Work order
In the data that follows, find each line containing "KSZT" and copy it.

(Records from a data source)
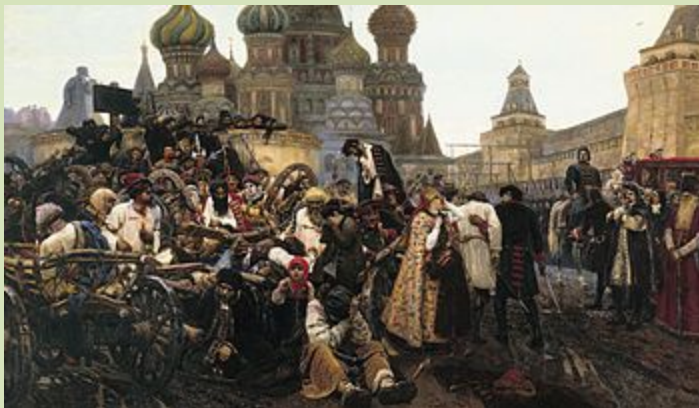
Картина В. И. Сурикова «Утро стрелецкой казни»
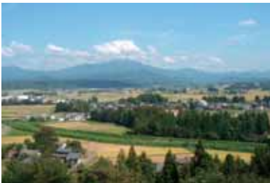
城山からの見晴らし
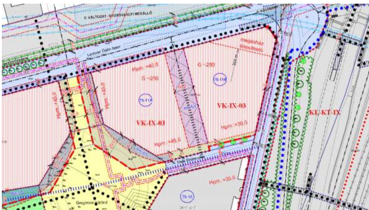
A Budapest Főváros IX. kerület Ferencváros Önkormányzata 9/2006.(III.10.) KT rendeletével jóváhagyott KSZT kivonata

A területre vonatkozó KSZT módosítás „az új budapesti konferencia-központ létesítésének előkészítésével kapcsolatos intézkedések megtételéről, valamint a szükséges források biztosításáról szóló 1871/2013.(XI.22.) Korm. határozathoz” kapcsolódó beruházás.
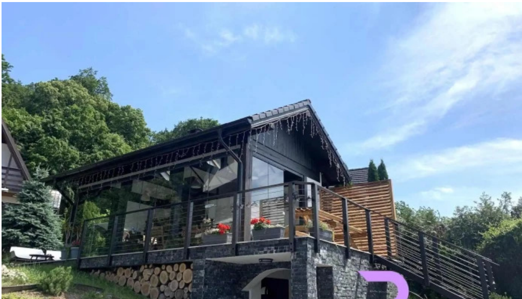
Dragomirna sunset scor
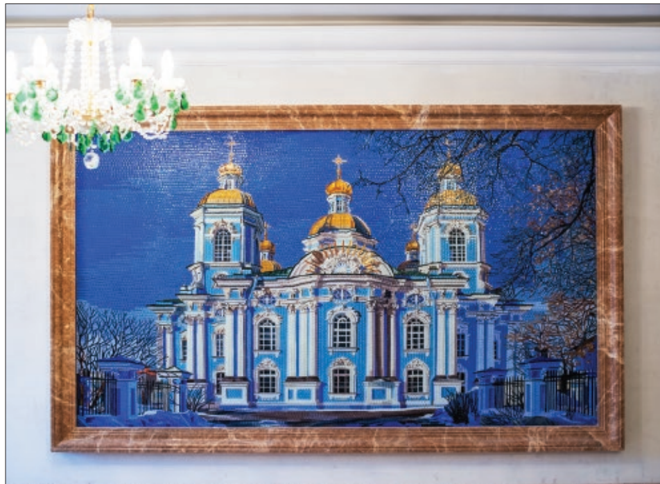
Мозаика «Никольский собор»
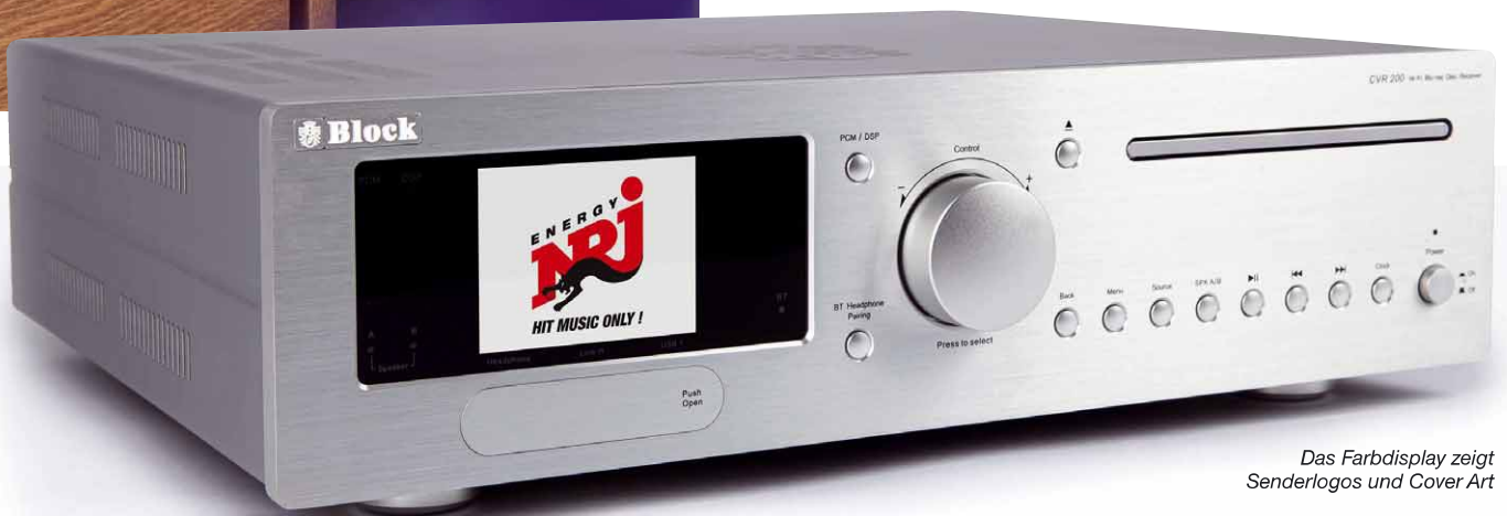
Das Farbdisplay zeigt Senderlogos und Cover Art

Und überhaupt beeindruckt das Multitalent mit seinem Funktionsumfang. Kurz gesagt: Zwei amtliche Lautsprecher anschließen und die hochwertige HiFi-Kette ist fertig! Etwas länger ausgedrückt beherbergt der CVR-200 neben der Verstärker-Sektion auch UKW- und Digitalra-

Written reply
A Budapest Főváros IX. kerület Ferencváros Önkormányzata 9/2006.(III.10.) KT rendeletével jóváhagyott KSZT kivonata
A területre vonatkozó KSZT módosítás „az új budapesti konferencia-központ létesítésének előkészítésével kapcsolatos intézkedések megtételéről, valamint a szükséges források biztosításáról szóló 1871/2013.(XI.22.) Korm. határozathoz” kapcsolódó beruházás.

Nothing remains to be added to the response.